EX-99.A.20 2 dex99a20.htm ARTICLES OF AMENDMENT Articles of Amendment

Exhibit 99(a)(20)

MANNING & NAPIER FUND, INC.

ARTICLES OF AMENDMENT

MANNING & NAPIER FUND, INC. (the “Corporation”), a corporation organized under the laws of the State of Maryland, having its principal place of business at 290 Woodcliff Drive, Fairport, New York 14450, does hereby certify to the State Department of Assessments and Taxation of Maryland (the “Department”) that:

FIRST: The Corporation is registered as an open-end investment company under the Investment Company Act of 1940.

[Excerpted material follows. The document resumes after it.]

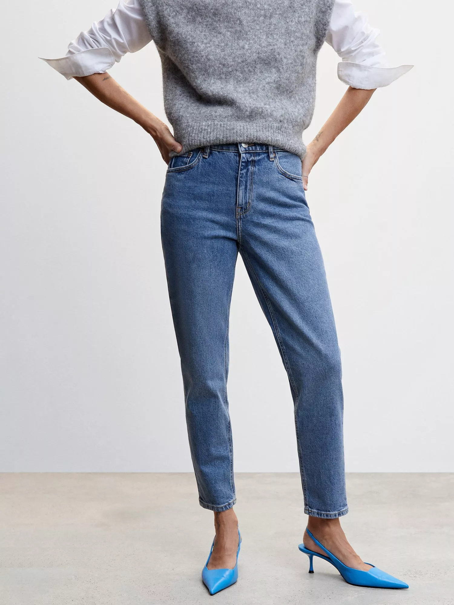 Cut to a tapered mom silhouette, these high-waisted jeans by Mango are made from a hard wearing cotton-blend and graze the ankles for an on-trend look.

SECOND: As permitted by and in accordance with the Articles of Incorporation of the Corporation and Sections 2-208.1 and 2-105(c) of the Maryland General Corporation Law, the Corporation’s Board of Directors (the “Board”) on November 12, 2007 adopted resolutions for the purpose of increasing the total number of shares of common stock that the Corporation has the authority to issue and classifying and designating a portion of such new shares as (a) Class I, Class K, Class R and Class C of each of the Target Income Series, Target 2010 Series, Target 2020 Series, Target 2030 Series, Target 2040 Series and Target 2050 Series; and (b) Class I of each of the Pro-Blend Conservative Term Series, Pro-Blend Moderate Term Series, Pro-Blend Extended Term Series and Pro-Blend Maximum Term Series, and the remaining shares being authorized, but unclassified and unissued, shares of the Corporation.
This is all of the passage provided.